Binary segmentation: Each pixel is classified as either instrument or background (anatomy, surgical debris, etc.) (Allan et al., 2019).
Parts segmentation: Within instrument-occupied pixels, further assign component labels (e.g., shaft, wrist, jaws/clasper) (Allan et al., 2019).
Type/class segmentation: Instrument pixels are labeled according to specific device classes (such as monopolar scissors, bipolar forceps, needle driver, etc.) (Allan et al., 2019).
Instance segmentation: Each physically distinct instrument, even among the same class, is assigned a unique mask (Ross et al., 2020, González et al., 2020).
Referring segmentation and prompt-based segmentation: Pixels are masked based on natural language or class prompts, enabling interactive or open-vocabulary tool identification (Zhou et al., 2023, Yue et al., 2023, Yue et al., 2023, Wang et al., 2023).
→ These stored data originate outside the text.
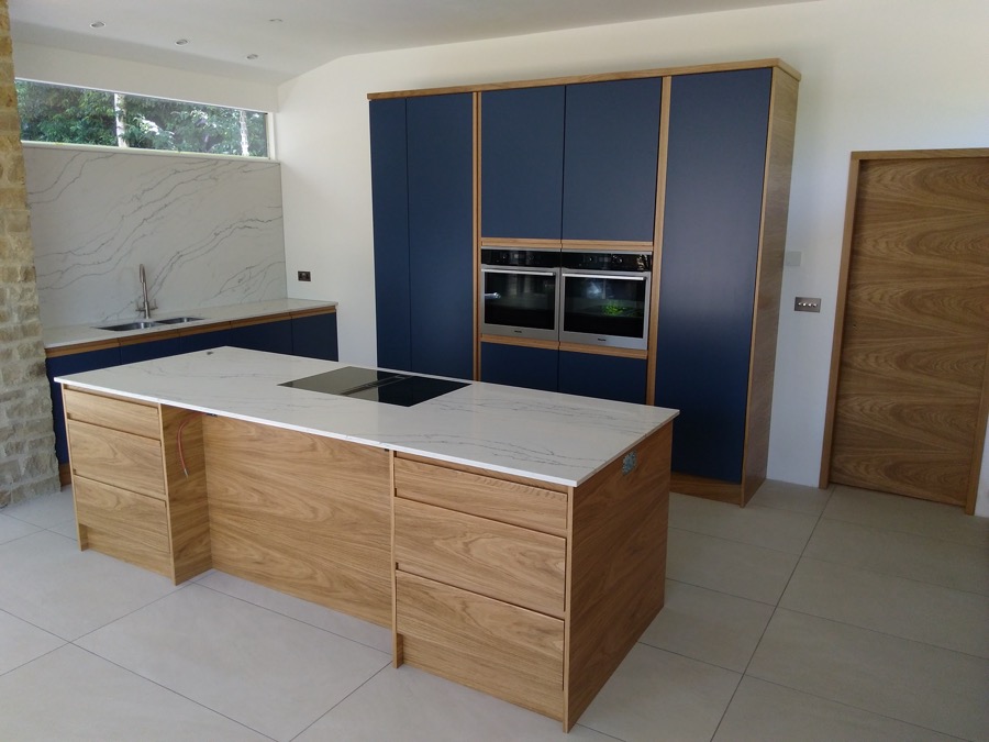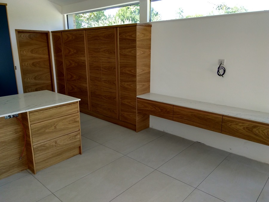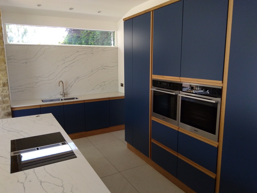 Spray painted and veneered kitchen with quartz worktops.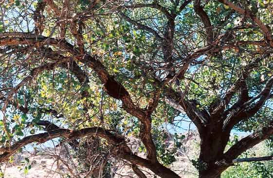 Notice the cluster of honey bees around the brand (slightly left of center). They swarmed onto the branch then worked their way into a tight bunch.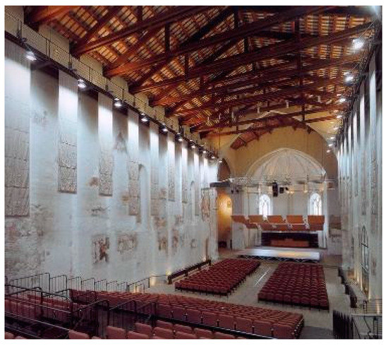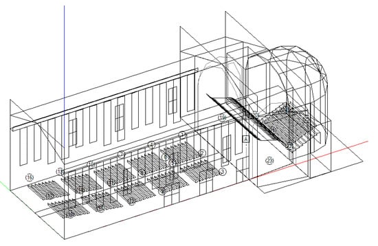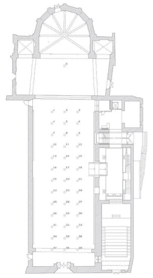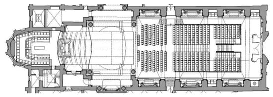 A similar organization can be found in S. Dominic of Imola, designed to have a total capacity of 410 seats, planned to be along the nave only []. The stage for the orchestra would be at the center of the transept, equipped with an acoustic shell. Two fire exits have been designed between the 2nd and the 3rd niche of the nave, as indicated in Figure 6. A cloakroom and a box office can be allocated beneath the highest seats of the sloped stalls, close to the main entrance. Services and washrooms have been assigned to the western extension of the church, externally to the auditorium.

The primary input modalities are monocular or stereo RGB endoscopic frames; 3D modalities (ultrasound, CT) are active research areas (Yang et al., 2021). Common output representations are binary or multi-class raster masks, often at full video resolution.
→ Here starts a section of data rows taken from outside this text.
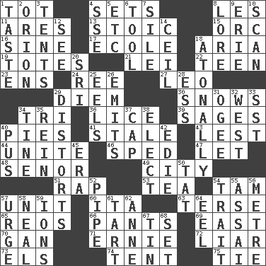 ACROSS 1. Small child 4. Puts into a specified state 8. French article 11. Ancient Greek god of war 13. Unemotional 15. The grampus (Milton) 16. Trig term 17. Learning spot: Fr. 18. Roberta Peters solo 19. Hauls 21. Flowery wreath 22. Adolescent 23. Followers of ems 24. To riddle 27. Lion 29. South Vietnam president (1954) 30. Frozen precipitation (plural) 34. Three (prefix) 36. Louse (plural) 39. Gurus 40. Sliced desserts 41. Having lost freshness 43. For fear that 44. Join together 46. Drove too fast 47. Allow 48. Sir (Sp.) 49. Municipality 51. Strike 53. Afternoon social gathering 54. Scottish cap 57. A single undivided whole 60. Call ___ day 63. Laconic 65. Vintage cars 66. Leg coverings 69. Compass direction 70. Separate the seeds from cotton 71. Bert's buddy 72. One who doesn't tell the truth 73. Raised railways 74. Portable shelter 75. Standoff DOWN 1. Clothes sense 2. Greek mythologigal hunter 3. Portable shelters 4. Compass dir. 5. And so on (abbr.) 6. Utensil 7. Drop; flow; fall 8. Old wives' tales, e.g. 9. One of the Great Lakes 10. Skim 12. Perceive with the eye 14. To provide with a ceiling 18. Lacking a tonal center or key 20. _ Lanka 25. Snakelike fish 26. Sends forth 28. Curvy letter 29. What propaganda does 31. Double curve, resembling the letter S 32. Compass direction 33. Fast jet (abbr.) 34. Prong on a fork 35. It's straight from the horse's mouth 37. Head covering 38. Voters do this 40. Product of festering 42. Singer Brickell 45. Period 50. Make lace 52. Corncob 54. Distinguishing feature 55. Slender Brazilian palm 56. Distance measurement (Brit.) 57. Goad 58. Be tempered by heat 59. Charged atoms 61. Small pie 62. Queen of England 1702-14 64. Snakelike fish 67. Shallow baking pan 68. Put into a specified state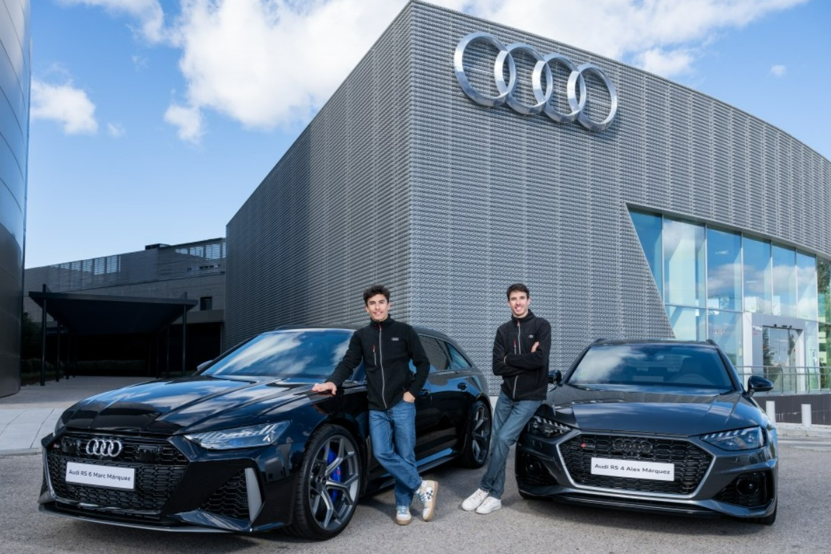 Los campeones del mundo de motociclismo Marc Márquez y Álex Márquez, integrantes esta nueva temporada de MotoGP del equipo Gresini Racing de Ducati, compartirán a partir de ahora un vehículo fuera de los circuitos conduciendo en sus desplazamientos diarios modelos RS de altas prestaciones de Audi Sport.
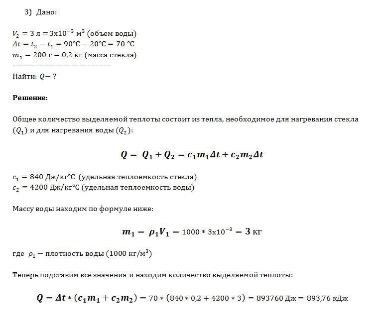 3.3-литровая стеклянная банка массой 200 грамм с горячей водой, температура которой 90 °С остывает до 20°С. Считая температуру банки равной температуре воды, расчитайте, какое выделяется количество теплоты?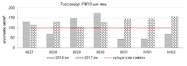 Улаанбаатар хотын агаарт түгээмэл бохирдуулах бодис хүхэрлэг хий /SO2/, азотын давхар исэл /NO2/, тоосонцор /PM10, PM2.5/, нүүрстөрөгчийн дутуу исэл /CO/, озон /O3/-ы агууламжийг тодорхойллоо.

2. Datasets, Annotation Protocols, and Benchmarks

Progress in instrument segmentation has been propelled by several annotated, publicly released datasets and competitive challenges:

EndoVis 2015/2017/2018/2019 (MICCAI): The Endoscopic Vision (EndoVis) Robotic Instrument Segmentation Challenges have defined reference problems and splits:
- 2017: 10 da Vinci Xi stereo videos (porcine), 1,800 annotated training frames, 1,200 test frames; pixel-wise masks for binary, part, and type segmentation with hand-annotated ground truth (Allan et al., 2019).
- 2018: Extended to full scene segmentation—tissue classes, clips, and more anatomical diversity (Rueckert et al., 2023).
- 2019 (ROBUST-MIS): 10,040 annotated frames from 30 human laparoscopic procedures, with explicit focus on robustness and cross-domain generalization; multi-instance and multi-task benchmarks (Ross et al., 2020).
Synthetic datasets: Rendered and style-transferred laparoscopic scenes enable sim-to-real transfer and annotation-efficient training (Sahu et al., 2020).
Other modalities: Datasets in 3D ultrasound (US) and ex-vivo robot kinematic environments have expanded the landscape (Yang et al., 2021).
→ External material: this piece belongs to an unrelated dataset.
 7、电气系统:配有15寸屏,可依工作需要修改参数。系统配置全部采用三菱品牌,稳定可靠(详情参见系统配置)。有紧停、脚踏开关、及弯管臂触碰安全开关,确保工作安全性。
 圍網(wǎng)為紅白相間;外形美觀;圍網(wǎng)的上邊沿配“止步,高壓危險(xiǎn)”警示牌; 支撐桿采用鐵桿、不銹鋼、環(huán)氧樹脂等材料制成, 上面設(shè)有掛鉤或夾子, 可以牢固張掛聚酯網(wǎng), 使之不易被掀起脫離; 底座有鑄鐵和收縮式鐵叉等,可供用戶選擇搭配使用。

Annotation protocols in top-tier benchmarks combine structured labeling workflows (polygon tool annotation, per-instance masks, consensus curation) and periodic quality control. Challenges for annotation include motion blur, occlusions, small or transparent tool parts, and the lack of polygon "hole" encoding for elements such as clasper apertures (Allan et al., 2019, Ross et al., 2020).

3. Methodological Evolution and Key Architectures

Encoder–decoder convolutional networks with skip connections (U-Net, TernausNet, ResNet variants) formed the early foundation for high-quality instrument segmentation (Shvets et al., 2018, Allan et al., 2019, Xia et al., 2023). Subsequent innovations include:

Pretrained encoders: Adopting VGG or ResNet backbones trained on ImageNet boosts low-data performance (Allan et al., 2019, Pakhomov et al., 2020, Shvets et al., 2018).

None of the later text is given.